+++ Data +++

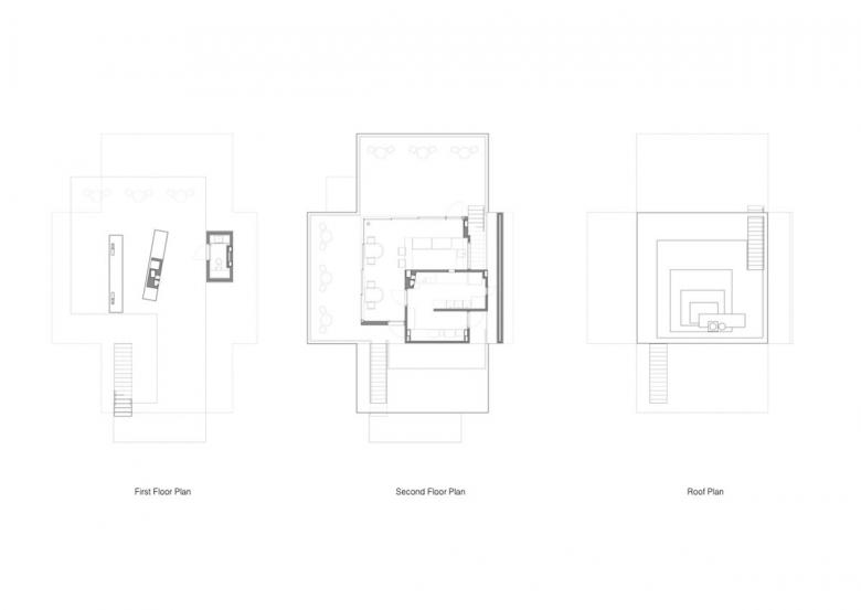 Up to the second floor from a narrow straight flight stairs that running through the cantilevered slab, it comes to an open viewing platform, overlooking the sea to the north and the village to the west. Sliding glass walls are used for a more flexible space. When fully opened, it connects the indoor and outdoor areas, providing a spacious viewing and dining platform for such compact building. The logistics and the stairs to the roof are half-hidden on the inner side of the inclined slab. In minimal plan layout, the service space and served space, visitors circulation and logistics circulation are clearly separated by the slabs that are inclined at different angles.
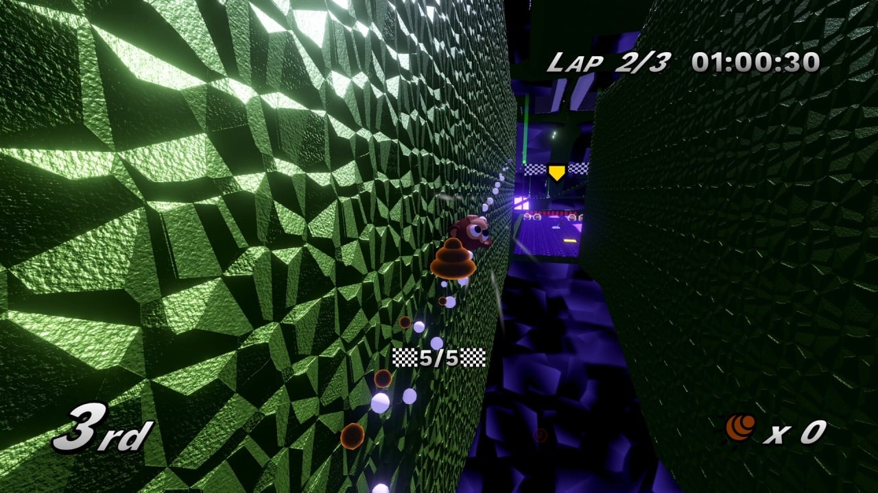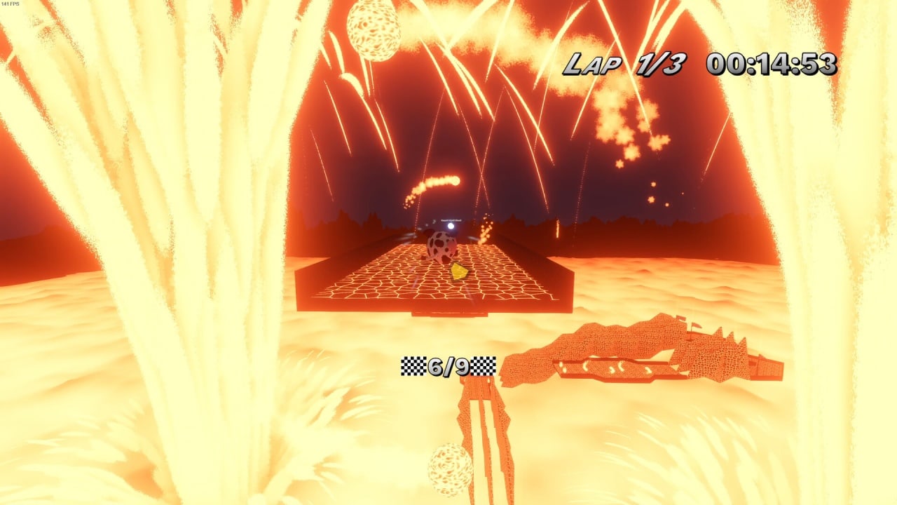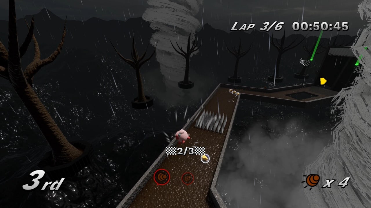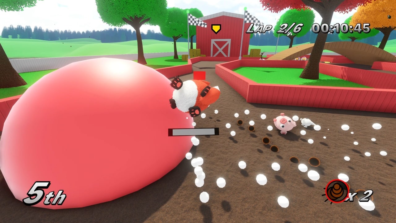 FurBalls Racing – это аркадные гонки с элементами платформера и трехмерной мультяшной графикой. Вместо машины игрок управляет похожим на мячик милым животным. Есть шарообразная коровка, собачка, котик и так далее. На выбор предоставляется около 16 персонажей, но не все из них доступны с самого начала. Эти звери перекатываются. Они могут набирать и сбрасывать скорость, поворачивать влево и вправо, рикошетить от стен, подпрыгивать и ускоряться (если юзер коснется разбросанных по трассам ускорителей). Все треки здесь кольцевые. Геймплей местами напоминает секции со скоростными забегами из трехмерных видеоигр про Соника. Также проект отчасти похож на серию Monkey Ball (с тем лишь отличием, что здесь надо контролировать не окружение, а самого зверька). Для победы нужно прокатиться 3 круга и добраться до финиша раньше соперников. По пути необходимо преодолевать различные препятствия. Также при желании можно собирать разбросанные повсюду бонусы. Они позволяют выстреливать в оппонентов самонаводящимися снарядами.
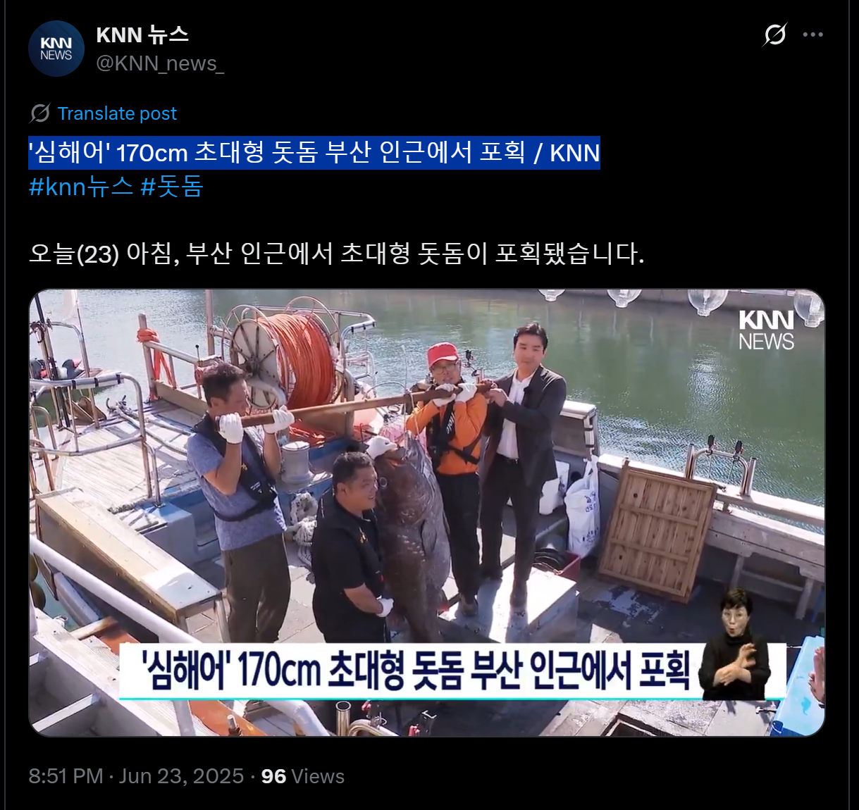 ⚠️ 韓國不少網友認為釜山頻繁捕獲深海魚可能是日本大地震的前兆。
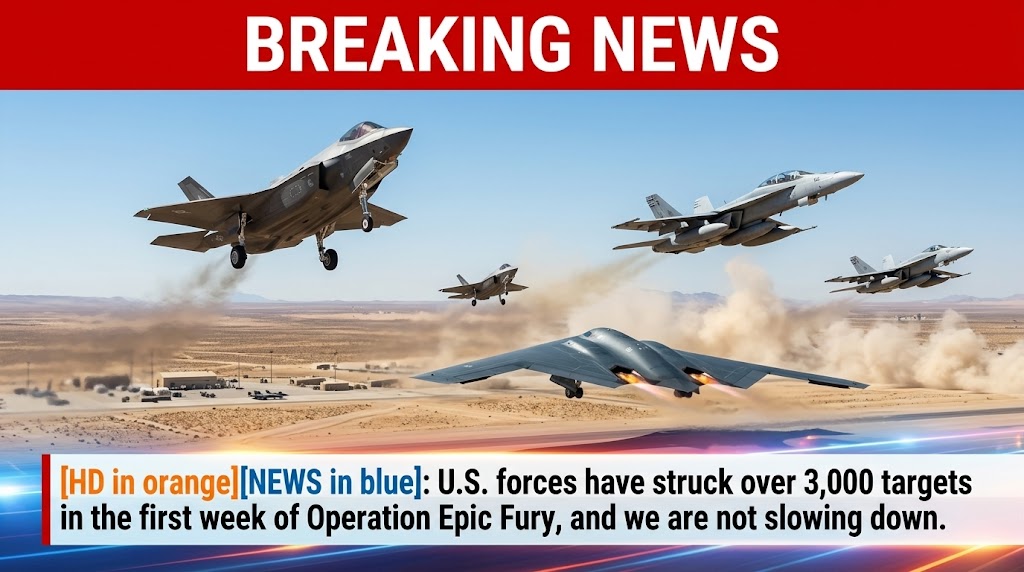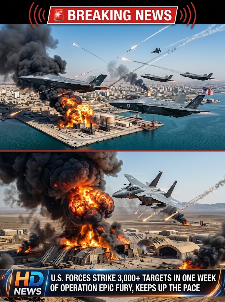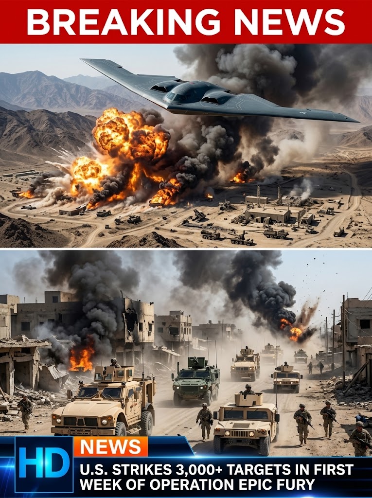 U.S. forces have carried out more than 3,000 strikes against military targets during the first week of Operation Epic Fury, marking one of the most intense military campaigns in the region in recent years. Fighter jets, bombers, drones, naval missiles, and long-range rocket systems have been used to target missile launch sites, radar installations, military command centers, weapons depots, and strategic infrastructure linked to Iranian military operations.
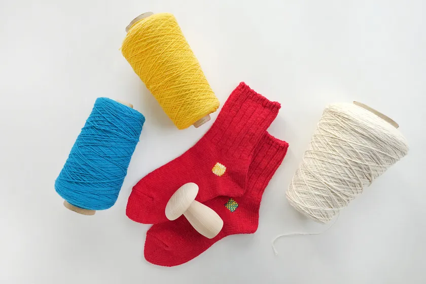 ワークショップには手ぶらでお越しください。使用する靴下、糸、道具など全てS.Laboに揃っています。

+++

§ Problem to solve:
Leaving the pictures out, give again word for word each line from the one holding "U.S. forces have" through the end of the records.

§ Exercise response:
 U.S. forces have carried out more than 3,000 strikes against military targets during the first week of Operation Epic Fury, marking one of the most intense military campaigns in the region in recent years. Fighter jets, bombers, drones, naval missiles, and long-range rocket systems have been used to target missile launch sites, radar installations, military command centers, weapons depots, and strategic infrastructure linked to Iranian military operations.
 ワークショップには手ぶらでお越しください。使用する靴下、糸、道具など全てS.Laboに揃っています。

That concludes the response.